Commandeering the kitchen for work is ridiculous. Especially when he has a study available to him.

WFH is great for getting things done, like report writing.

TeacupDrama · 02/03/2020 21:25

if you have an office that is where phone calls conferences etc need to take place you can't expect the rest of household not to use kitchen as he is talking when there is a perfectly good office space
the kitchen table is not suitable unless everything can be quickly folded up and put away ie just a laptop and cables

DH and I both work from home I need a lot of stuff for my business so I work from dining room aka office ( we have a table for 6 in kitchen) DH mostly uses his workshop but occasionally for ordering tools supplies needs to use the 2nd computer in office, when he does he can't resist talking asking me about things I have to just keep repepating i'm working don't disturb
to be honest he really disturbs me coming into office as he just can't come in order his parts and leave
we discuss household stuff over lunch
my DD ( now 10) knows she has to entertain herself until I finish work in evenings because of certain events it can be really late the night before preparing ( it can't be done earlier) this happens once occasionally twice a fortnight other days I can finsih at 3.30 when she is home

northernlittledonkey · 02/03/2020 21:27

I love WFH, it’s amazing!

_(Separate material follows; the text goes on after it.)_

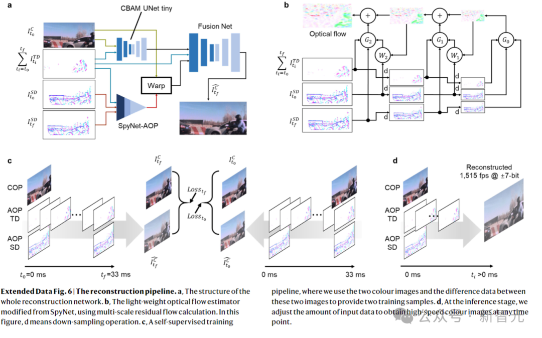 重建管线 a.整个重建网络的结构 b.从SpyNet修改的轻量级光流估计器,使用多尺度残差流计算 c.自监督训练管线,使用两个彩色图像和这两个图像之间的差异数据来提供两个训练样本 d.在推理阶段,调整输入数据量以获得任意时间点的高速彩色图像在传感层面,原始信息的完整性让它能够重建原始场景,并适应极端光照条件。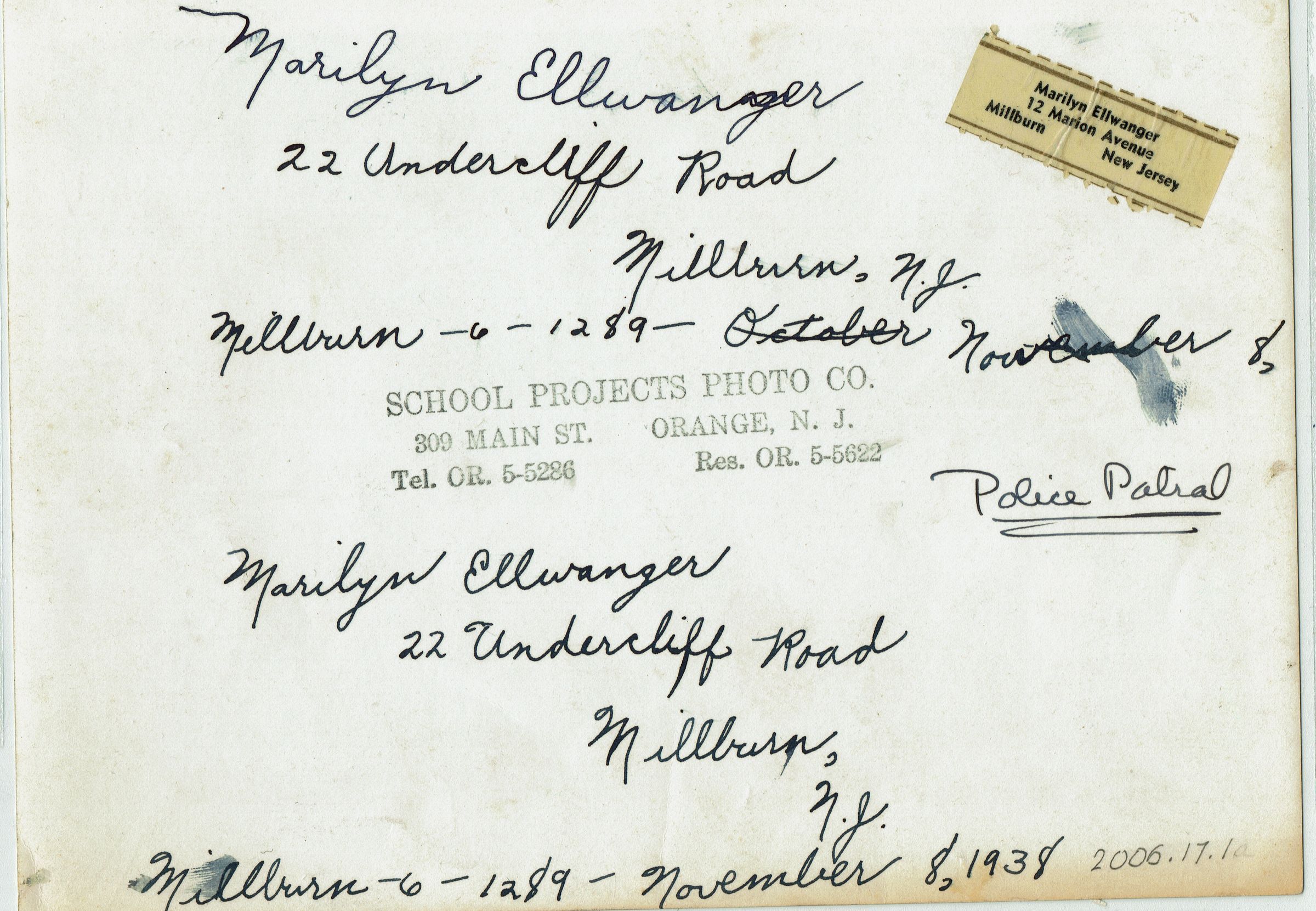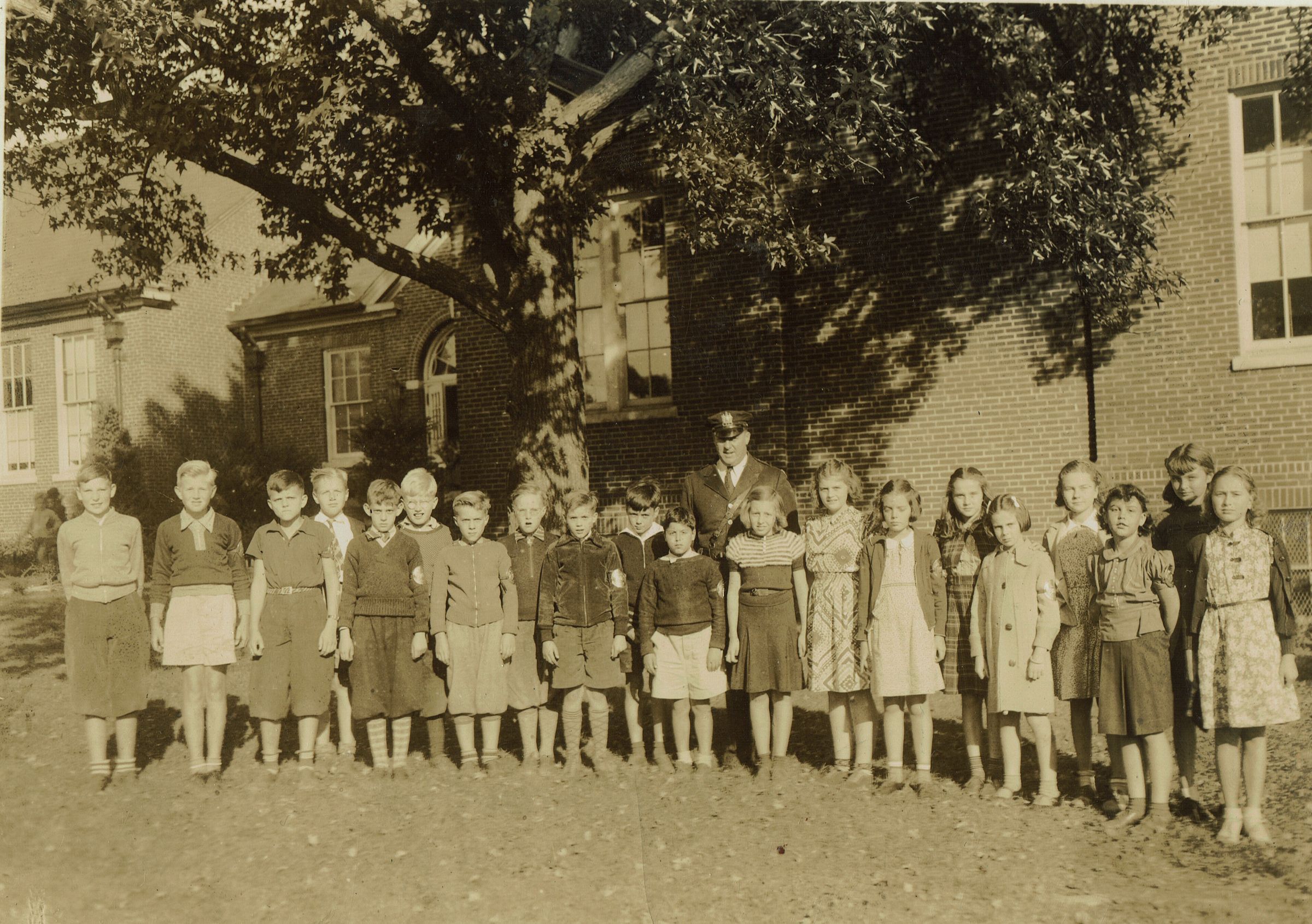 School photograph taken November 8, 1938 of the 5th Grade Student Police Patrol at South Mountain School. Photograph was in the collection of Marilyn Ellwanger, who was a student at SMS at the time.Acquisition

Own spaces, DH too. Clear out that study!

HelgaHere1 · 02/03/2020 21:32

Get a kettle and tea making stuff elsewhere in the house.

Wildthyme · 02/03/2020 21:38

Get a kettle and tea making stuff elsewhere in the house

No. Why should she? It's a bloody kitchen not an office. One person WFH should not be able to take over a whole house.

fuckoffImcounting · 02/03/2020 21:47

DH is being selfish and entitled. His work is important but should not rule in the communal space the rest of the family use. Get him into a private work space, put a dog bed under the desk so they can keep each other company. I have worked from home for 25 years and never have I taken up residence in the kitchen because I am not a selfish twat.

user1487194234 · 03/03/2020 21:46

I like having the option to WFH
But really only do it occasionally
Am too sociable to enjoy it more than that
I also like the differential between home and work

LettyFisher · 03/03/2020 22:10

I don't like it either - I go mad and need company. I do it occasionally because it helps me get a load of house jobs (washing usually) done and gives the dogs some company.

my dp works from my house occasionally and it drives me mad if I arrive back while he is there - he stays in the kitchen too with his laptop and papers and loud calls and similarly paces up and down. On the rare occasions we've tried to do it together, it just hasn't worked. (even if we're in separate rooms - he's in the kitchen being annoying).

OldWomanSaysThis · 04/03/2020 01:51

I did not like it. I worked for a big corporation that put a lot of people out to telecommute to save on real estate costs and to embrace a work-life culture. Sounded good on paper, but the reality was different.

LOTS and lots of people didn't actually work (several fired). We had surveillance on our laptops. We were out of the loop on so many things, like a change in a process. It was a career and compensation killer. Out of sight, out of mind.

Personally, it was very isolating and I had constant interruptions from family which was bad when I was leading calls. I forgot how to dress myself. I gained weight. I got depressed. I liked it in the beginning - 6 months or so, but the novelty wore off. After 4 years, the company decided it wasn't a good idea and recalled everyone back to the office.